Total knee arthroplasty is associated with a frequent incidence of intense postoperative pain, especially during early attempts of mobilization (1). Our analysis focused on the first 48 hours after surgery, during which many patients experience a peak pain level. We chose to compare postoperative analgesia with epidural ropivacaine after epidural anesthesia with S(+)-ketamine and ropivacaine versus ropivacaine. Epidural anesthesia with local anesthetics is often used for knee arthroplasty, and studies with epidural ropivacaine indicate safe and effective analgesia with minimal side effects after major orthopedic surgery (14).

Concern has been expressed about neurotoxicity after neuraxial use of ketamine, because spinal myelopathy has been reported with intrathecal injection of large doses (15). However, in animals and humans, there is no evidence for neurological injury after repeated intrathecal injection of preservative-free ketamine (16,17). Little is known about the pharmacokinetic distribution of epidural ketamine. In a dog model, racemic ketamine was rapidly absorbed from the epidural space into the cerebrospinal fluid and plasma with a longer plasma half-life than if applied IV (18). In humans, a single five-milligram epidural injection gained rapid access to the systemic circulation with 80% bioavailability (19). One possible criticism of this study is therefore the lack of blood measurements of S(+)-ketamine and its metabolites. Thus we cannot comment on systemic analgesic effects possibly induced by epidural S(+)-ketamine. A limitation of our investigation may be the lack of a patient group receiving an equipotent dose of racemic ketamine relative to S(+)-ketamine. Ethical considerations dominated our decision not to investigate such a group, because epidural small-dose racemic ketamine combined with bupivacaine failed to improve postoperative pain relief after knee arthroplasty with epidural anesthesia in a study by Weir and Fee (20).

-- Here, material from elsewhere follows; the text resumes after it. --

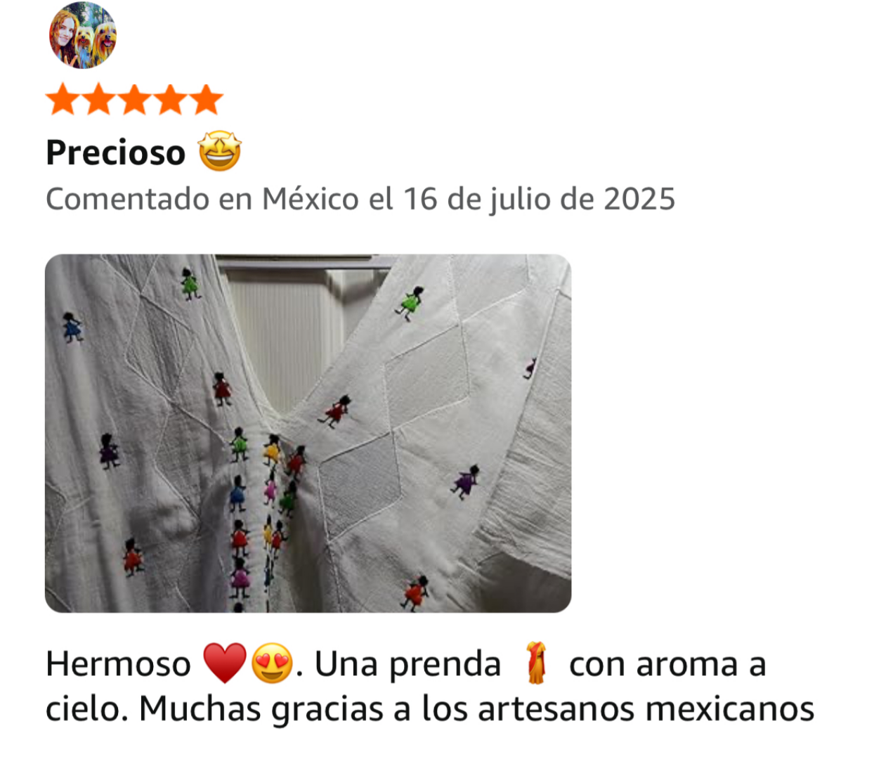 "Me encantó la ropa que pedí, de muy buena calidad las telas pero lo que se lleva las palmas de oro son los bordados perfectos e increíbles, excelentes artesanas, seguiré comprando"

The postoperative VAS scores obtained after ropivacaine in this investigation compare with VAS scores for unilateral knee arthroplasty with epidural anesthesia and postoperative epidural analgesia that have been reported in the literature (1,9,14). The few trials available that studied preoperative use of epidural racemic ketamine, however, cannot be directly compared with our study. Choe et al. (8) found that patients receiving anesthetic-dose ketamine and morphine before the incision versus at the end of gastrectomy during general anesthesia had longer lasting postoperative pain control and reduced analgesic demand after 48 hours. Wong et al. (9) observed decreased opioid consumption and lower VAS pain scores over three days when patients received preoperative small-dose ketamine, morphine, and lidocaine compared with use at 30 minutes after the start of knee arthroplasty with epidural anesthesia or with general anesthesia and postincisional ketamine. Abdel-Ghaffar et al. (10) reported a prolonged time interval to first postoperative analgesic request and a reduced 24-hour analgesic demand when preoperative small-dose ketamine was used for hysterectomy with general anesthesia.

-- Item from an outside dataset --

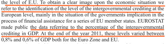 Observați așadar că nu este nicio centralizare propie pe baza datelor Băncii Centrale Europene ci pur și simplu date și calcule copiate. Observați că Marcu și Meghișan nu cunosc faptul că în limba engleză (și în cercetarea economică) împrumuturile sunt ,,loans” și nu ,,credits”, că a 3-a coloană rândul 2 nu indică faptul că datele și calculele se referă la diferența în puncte procentuale raportate la PIB în trimestrul 3 2011 compartiv cu celelalte, și, desigur, tăierea ultimei coloane din tabel pentru că Marcu și Meghișan au găsit gred de descifrat păsăreasca Eurostatului – IGL, și prin urmare, deși acesta era un element de strictă noutate publicat de Eurostat și care îi interesează pe analiști și cercetători, au decis să zboare coloana.

Activation of NMDA receptors within the spinal cord is thought to be central to the genesis of acute and chronic pain (2,3). Surgically induced tissue-damaging injury sustains altered processing of afferent noxious input and pain hypersensitivity acting in part through NMDA receptor activation (2,3). The most persuasive mechanism that underlies the analgesic action of subanesthetic-dose ketamine is related to NMDA-receptor blockade (4,5). Ketamine may inhibit a facilitated state of excitability by suppressing a progressive increase in nociceptive responses caused by wind-up phenomenon, long-term potentiation, and summation pain (2,12,13). Once pain sensitization from incisional and inflammatory injury is established, ketamine reduces NMDA receptor-related altered pain transmission and thus hyperalgesia (12,13,21). This explains in part why a study comparing preoperative epidural anesthetic-dose ketamine with the same dose applied before wound closure failed to show a difference in analgesia after abdominal surgery with general anesthesia (22). One further explanation for the increased pain relief in our study is the potential complementary antinociceptive action of the two drug classes used. Local anesthetics do not block all pain-sensitizing mechanisms (23,24), and intrathecal ketamine does not completely abolish hyperalgesia when used alone (21).

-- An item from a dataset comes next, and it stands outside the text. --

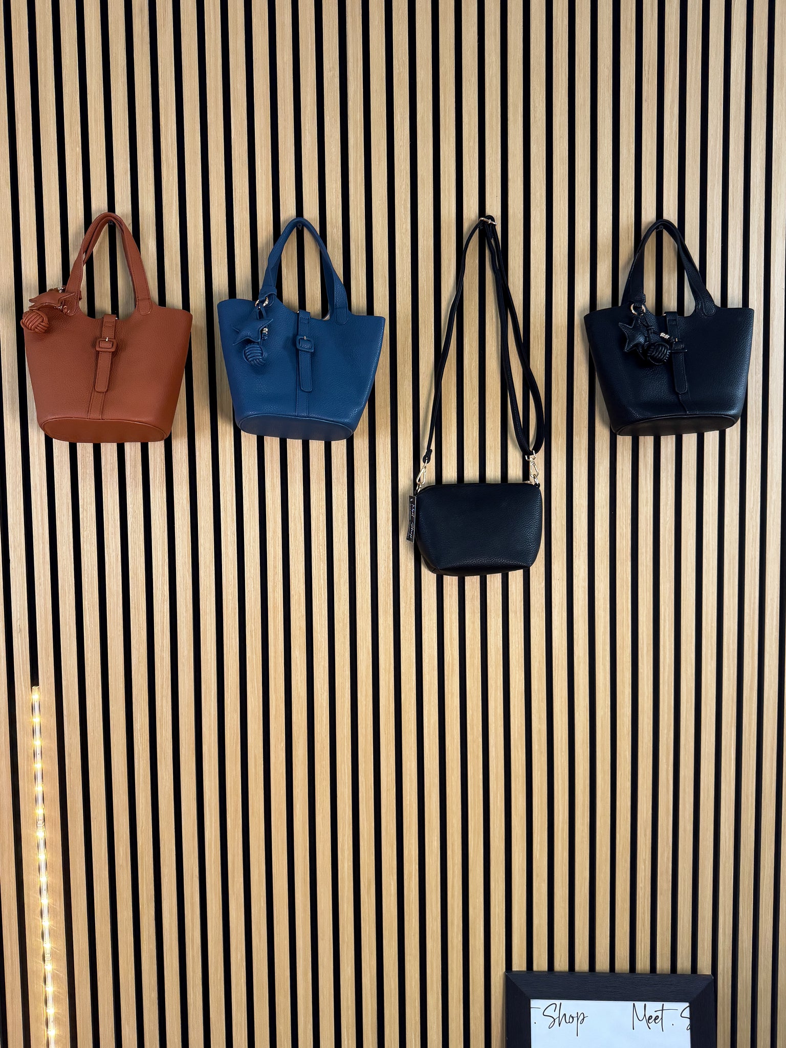 Borsa secchiello effetto pelle da portare a mano o con tracolla rimovibile

The difference in pain between groups did not emerge until 24 hours after surgery. This period may reflect the interval required for the sensitizing effects of surgery to become established, or it may reflect the overwhelming contribution of peripheral inputs from the operated knee, which obscured the spinal component of nociception in the earlier postsurgical period. Sustained injury causes several periods of enhanced spinal activity (2,3,21). In particular, there appears to be a crucial time interval during the first minutes to hours after surgery, and there is a second phase of inflammatory injury that depends on the first period (2,3,21). Clearly, the delayed onset of pain relief after S(+)-ketamine is not likely to be the result of direct analgesic effects, because it greatly exceeds the pharmacologic duration of a single epidural drug injection (19). Nevertheless, because we did not compare preincisional S(+)-ketamine with the administration of postincisional S(+)-ketamine, we cannot decisively state that preemptive analgesia was proved. We can only speculate that S(+)-ketamine blocked pain sensitization during the entire observation period but that its antinociceptive effects were on the one hand clouded by the effects of ropivacaine during the first postoperative hours, and on the other hand did not become clinically manifest before patient mobilization was started. In addition, there is evidence that the binding of noncompetitive NMDA receptor antagonists occurs relatively slowly, and this may contribute to the delayed analgesic effects we found (25). Conceptually, repeated use of S(+)-ketamine could enhance the pain reduction observed. This should be addressed in the future.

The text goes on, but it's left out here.